Efficacy and Safety of Actilyse 2 mg/ 2 ml in Comparison to Saline Solution in Patients With Central Venous Access Device Occlusion

Inclusion criteria

• Male and female patients between 18 and 80 years, who signed a written informed consent
• Patients with central venous access device occlusion, which occurred within 24-h before randomisation, where central venous access device is indicated for any of the following: fluid maintenance, chemotherapy, intravenous feeding, haemodialysis, long-term administration of antibiotics or other medication
• Patients with central venous access device occlusion occurred within 24-h before randomisation. Central venous access device is defined by inability to withdraw at least 3 ml of blood from the central venous access device. If multiple lumens are occluded, investigators are to choose and treat only one lumen for the study.

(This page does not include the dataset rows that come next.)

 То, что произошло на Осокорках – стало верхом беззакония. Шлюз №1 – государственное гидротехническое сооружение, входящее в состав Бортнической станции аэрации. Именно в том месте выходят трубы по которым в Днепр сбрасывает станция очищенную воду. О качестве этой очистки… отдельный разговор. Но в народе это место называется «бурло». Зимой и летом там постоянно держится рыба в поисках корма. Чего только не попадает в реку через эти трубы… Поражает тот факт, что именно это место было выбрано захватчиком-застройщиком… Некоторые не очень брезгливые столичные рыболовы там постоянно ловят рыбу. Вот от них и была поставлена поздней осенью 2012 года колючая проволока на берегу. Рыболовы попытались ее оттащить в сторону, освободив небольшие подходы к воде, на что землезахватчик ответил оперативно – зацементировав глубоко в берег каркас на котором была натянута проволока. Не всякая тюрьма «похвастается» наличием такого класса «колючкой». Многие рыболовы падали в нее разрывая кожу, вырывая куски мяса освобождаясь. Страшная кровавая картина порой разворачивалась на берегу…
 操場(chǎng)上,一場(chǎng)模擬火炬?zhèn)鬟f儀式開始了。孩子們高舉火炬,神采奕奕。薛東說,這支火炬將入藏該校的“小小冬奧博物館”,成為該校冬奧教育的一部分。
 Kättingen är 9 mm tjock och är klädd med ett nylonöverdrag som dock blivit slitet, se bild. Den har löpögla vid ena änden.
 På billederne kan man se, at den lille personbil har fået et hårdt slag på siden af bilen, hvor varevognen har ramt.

• Signed and dated written informed consent prior to admission to the study in accordance with good clinical practice and the local legislation. Acceptable level of the following laboratory parameters:
• hemoglobin ≥ 80 g/L;
• total white blood cell count ≥ 2.0 x109/L;
• platelets ≥ 50.0 x109/L;
• fibrinogen ≥0.5 x lower limit of normal;
• international normalized ratio 2.8 mmol/l.

Exclusion criteria

• Any clinical evidence of mechanical or non-thrombotic occlusion
• High risk for bleeding events
• High risk for embolic complications
• Any condition for which bleeding constitutes a significant hazard or would be particularly difficult to manage
• Administration of any fibrinolytic agent within 48 hours before start of study treatment
• Patients who have had any of the following within the previous 48 hours before start of study treatment:
• surgery
• obstetrical delivery
• percutaneous biopsy of viscera or deep tissues
• puncture of non-compressible vessels
• active internal bleeding
• Patients who have thrombocytopenia, other hemostatic defects (including those secondary to severe hepatic or renal disease).

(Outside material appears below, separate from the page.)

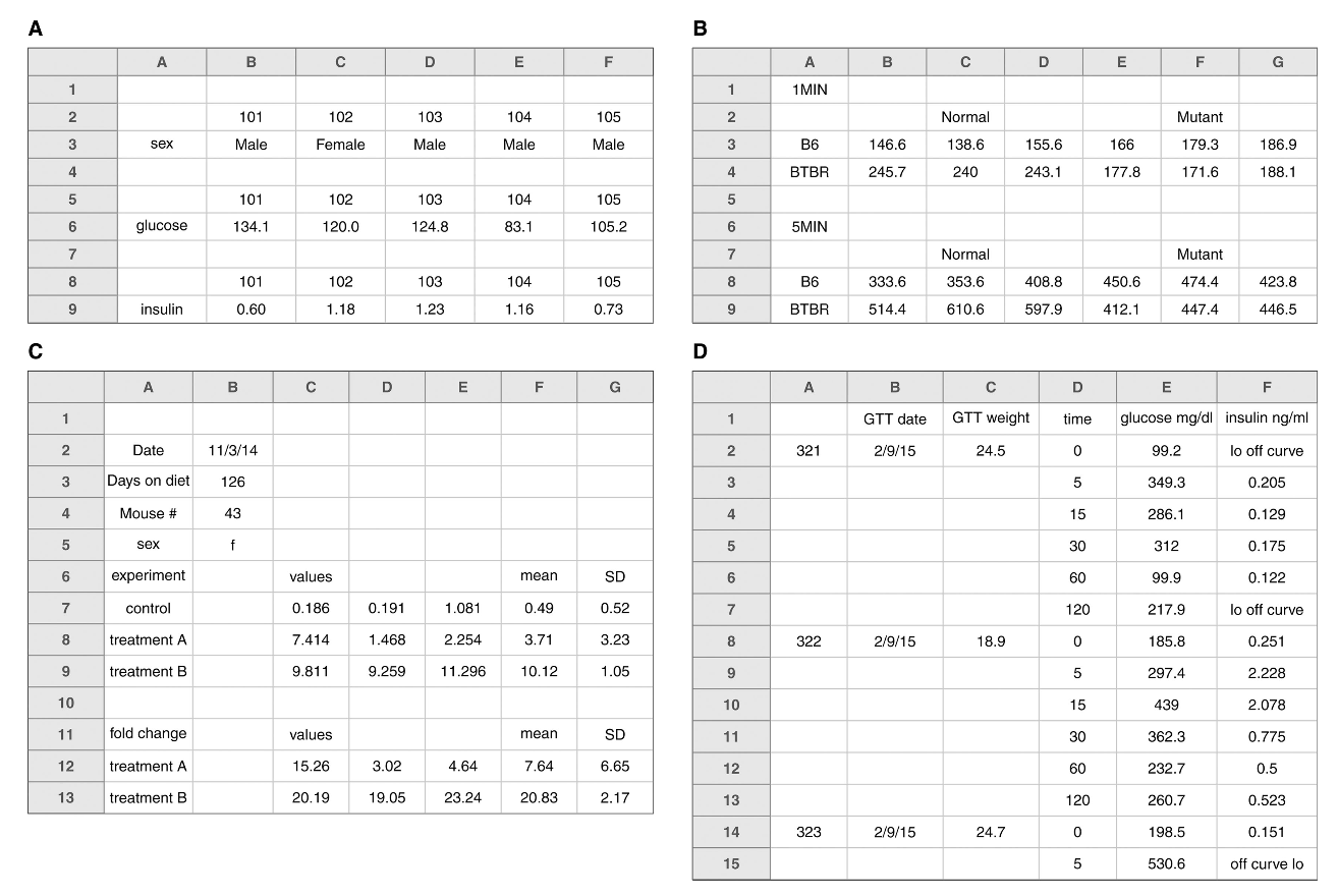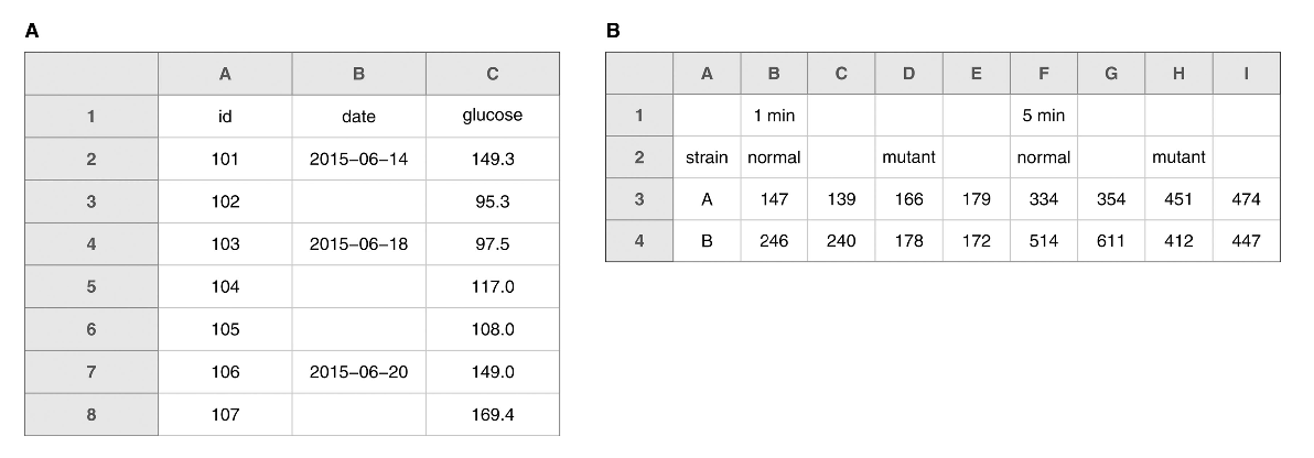 recommendation. (a) A spreadsheet where only the first of several repeated values was included. (b) A spreadsheet with a complicated layout and some implicit column headers, from Broman and Woo (2018).
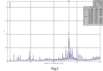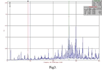 Defectiunile in sistemul de comutatie al motorului au ca efect introducerea de vibratii specifice in intreg sistemul. Prima defectiune are in vedere o pozitionare incorecta a platoului port-perii fata de axa neutra a motorului. Aceasta se manifesta prin aparitia scanteilor sau chiar a unui cerc de foc la contactul dintre perii si colector care provoaca o supraincalzirea si colorare in brun inchis a colectorului. Astfel acestea induc in elementele magnetice ale motorului efecte care se manifesta la valori ridicate ale frecventei(in domeniul frecventei de comutatie a colectorului). In figura 2 este reprezentat spectrul de vibratie asociat unei astfel de defectiuni. Motorul electric de la care s-a prelevat spectrul de vibratii este unul cu o putere de 75kW si Un=440 V. Motorul electric are turatia de 882 rot/min si frecventa fundamentala asociata acesteia de 14,7 Hz. Motorul electric are un colector format din 36 de lamele si un platou cu doua perechi de perii. Frecventa de comutatie este produsul dintre frecventa fundamentala si numarul de lamele ale colectorului, raportata la numarul de perechi de perii de pe platoul portperii. In cazul de fata un calcul matematic simplu indica o freventa de comutatie situata in domeniul frecventei de 265Hz. Acest tip de defectiune se manifesta in spectru de vibratii (acceleratie FFT) prin cresterea amplitudinii in domeniul frecventei de comutatie la valori ridicate(fig.2), dominate fata de oricara alta amplitudine a spectrului, si aparitia benzilor laterale acesteia la cote de peste 25% din amplitudinea fundamentalei. Se mentioneaza ca la o functionare in cote normale armonicile nu depasesc 10 – 15 % din amplitudinea frecventei de comutatie. De asemenea in zonele adiacente frecventelor de comutatie nu se regasesc benzi spectrale, la o functionare normala, acestea situandu-se numai in zona comutatie, crescand usor pana la valoarea acesteai apoi scazind, numarul de benzi spectrale laterale fiind de 4 – 5 benzi de fiecare parte a dominatei(fundamentalei).

• Pregnancy and lactation.
• Previously known positive results from infectious serology for Human Immunodeficiency Virus (HIV) or hepatitis B surface antigen (HBsAg), or hepatitis C virus.
• Known hypersensitivity to alteplase or gentamicin, or any excipient of Actilyse - Body weight <30 kg.

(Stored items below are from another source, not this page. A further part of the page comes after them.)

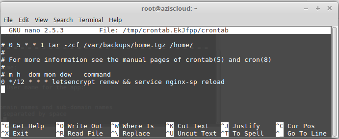 Kemudian kita akan diminta memasukan sebuah perintah ke cron untuk memperbarui SSL Certificate. Cukup copy dan masukan perintah tersebut lewat perintah crontab -e.
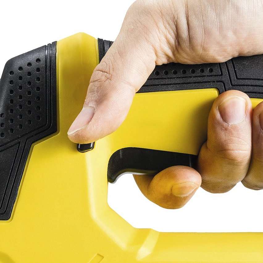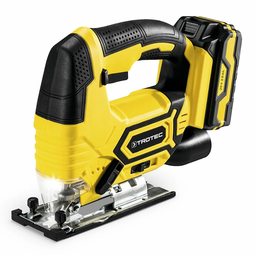 Son puissant moteur à régime max. de 2700 courses par minute est alimenté par une batterie lithium-ion de 20 V. Batterie sans effet mémoire ni perte de charge. Ceci permet d’utiliser la scie à tout moment en bénéficiant constamment d’une puissance maximale. Le niveau de charge est indiqué par des diodes de couleur ; le temps de charge est d’1 heure seulement.
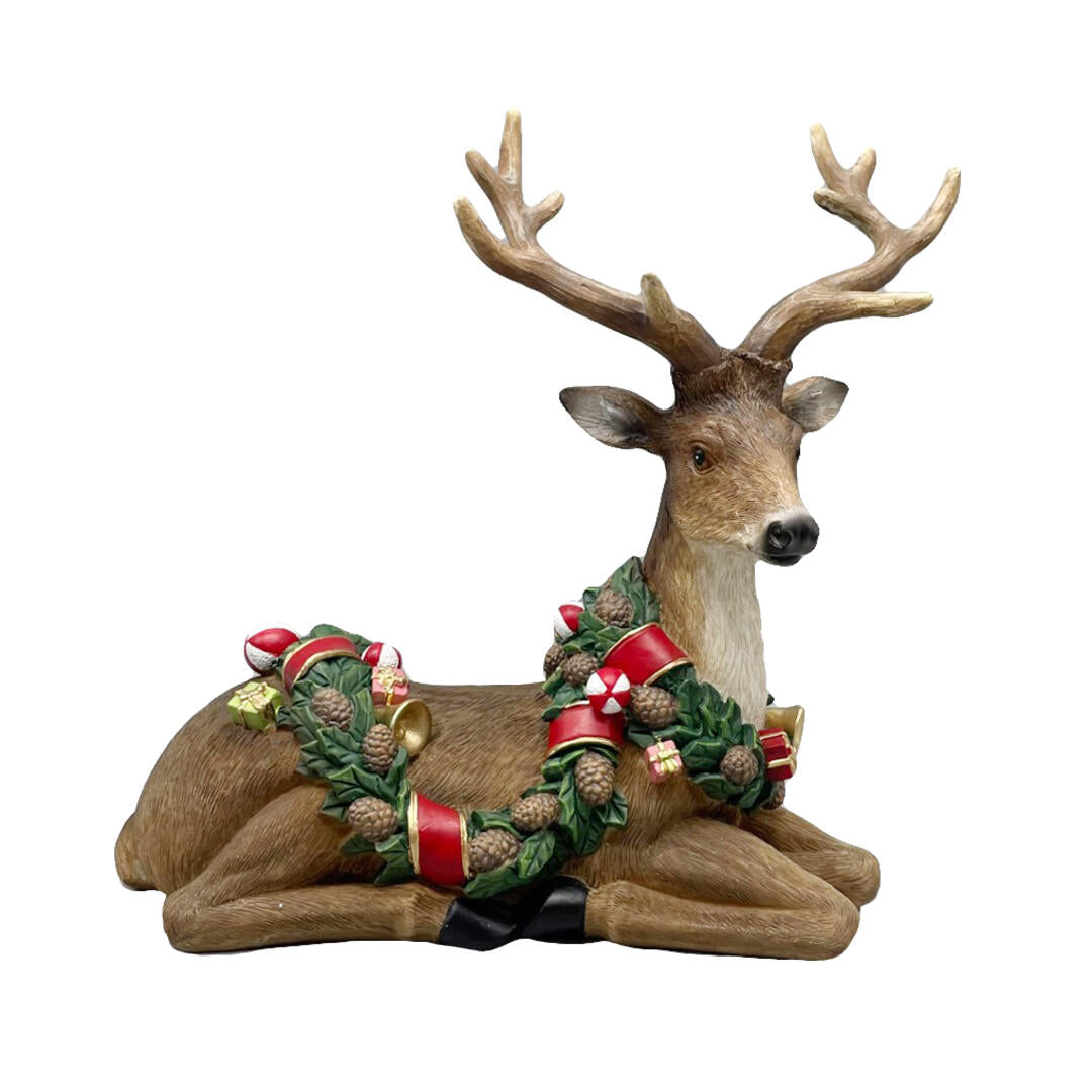 Renna in piedi c/ghirlanda di Natale Elle Gift in poliresina colori marrone/verde/rosso con dettagli dorati.

• Administration of any fibrinolytic agent within 48 hours before start of study treatment.
• Participation in another investigational trial within 30 days prior to the Screening Visit.
• Concomitant treatment with angiotensin-converting-enzyme inhibitors.
• Impossibility to infuse fluids at the volume necessary to infuse study drug (2 ml) into the central venous access device.